After Macy died, we read We Were Gonna Have a Baby, But We Had An Angel Instead by Pat Schwiebert, which I had mixed feelings about because I believe in an afterlife, whereas my husband does not. What would we teach Katerina? We compromised. And this book in particular helped her understand that she wasn’t alone, that she wasn’t the only one not coming home with an obvious source of her big sisterhood. We did warn her closer to my due date that Macy wasn’t going to survive. She was likely the only two year old around who could teach other people about what chromosomes are. (And if you know Katerina, I know you’re not surprised.)

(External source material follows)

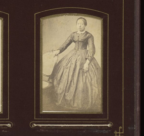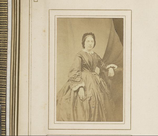 Editor: So here we have a gelatin silver print from between 1857 and 1908 by Woodbury & Page, titled *Portret van een vrouw, zittend aan een tafel*. It's a portrait of a woman sitting at a table, quite formal, almost imposing, and I’m curious what stood out to you about this particular image? Curator: I think it’s important to consider the historical context of photography at this time. Portraits like this one provided a sense of social identity and permanence. For women, who were often marginalized in public life, such a portrait could represent an assertion of self. Consider the implications of photographic technology; Who had access? How did they wish to be represented? Editor: That's a great point about representation. It makes me wonder how much agency she had in constructing her own image, versus the photographer imposing a certain ideal? Curator: Precisely! Think about the very deliberate pose, her dress, even the set; these all communicate specific ideas about class, status and, ultimately, power. How does it reflect and perhaps even challenge patriarchal norms of the era? This image then becomes part of a much wider social and political dialogue. Do you notice any tension between these expectations and the sitter's own personality? Editor: Now that you mention it, her gaze seems direct and self-assured, which is in stark contrast to the restrictive clothing and setting. Curator: Exactly. The photograph is more than just a representation, but evidence that, despite limitations imposed upon women at that time, she still was very determined to make a claim to independence. Editor: Thanks, this made me think about portraiture and identity from an angle I had not previously considered! Curator: And I found myself reminded of the inherent power dynamics present even in seemingly straightforward portraiture.
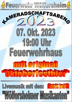 Kameradschaftsabend am Samstag, den 07. Oktober 2023!

We were given a copy of When Someone Very Special Dies written by Marge Heegaard, to be illustrated by children. This book was a fun (Can going through grief be called fun?) interactive book for Katerina. Though she was only two years old when her sister died, she liked to read parts of this book often and she scribbled on a few pictures. When she was older, she came back to this book often as well, and added drawings when she was five. I think it was a way of her coping with the loss she didn’t know she had. In fact, now that I think about, I might purchase another copy of this one for Violet. It may be something ‘concrete’ she can do with her feelings. This book goes through the various stages of death–like how you might feel, a life cycle, what the funeral looked like, a picture of your loved one.
A book I purchased later on—likely when Katerina was 4 or 5 years old was When Dinosaurs Die: A Guide to Understanding Death by Laurie Krasny Brown and Marc Brown. Marc Brown is the same author of the beloved Arthur series. Written in comic strip fashion, this book tackled a lot of the questions that younger ones have regarding death. Again, I think I’ll revisit this one with Violet, who is now six years old. A true example of the cyclical nature of the grieving process.
For all of you families who have lost a child, no matter how fleeting your time with them, I am thinking of you this month. I wish you peace, acceptance, and joy.
Because, yes, sometimes there is still joy, even after death.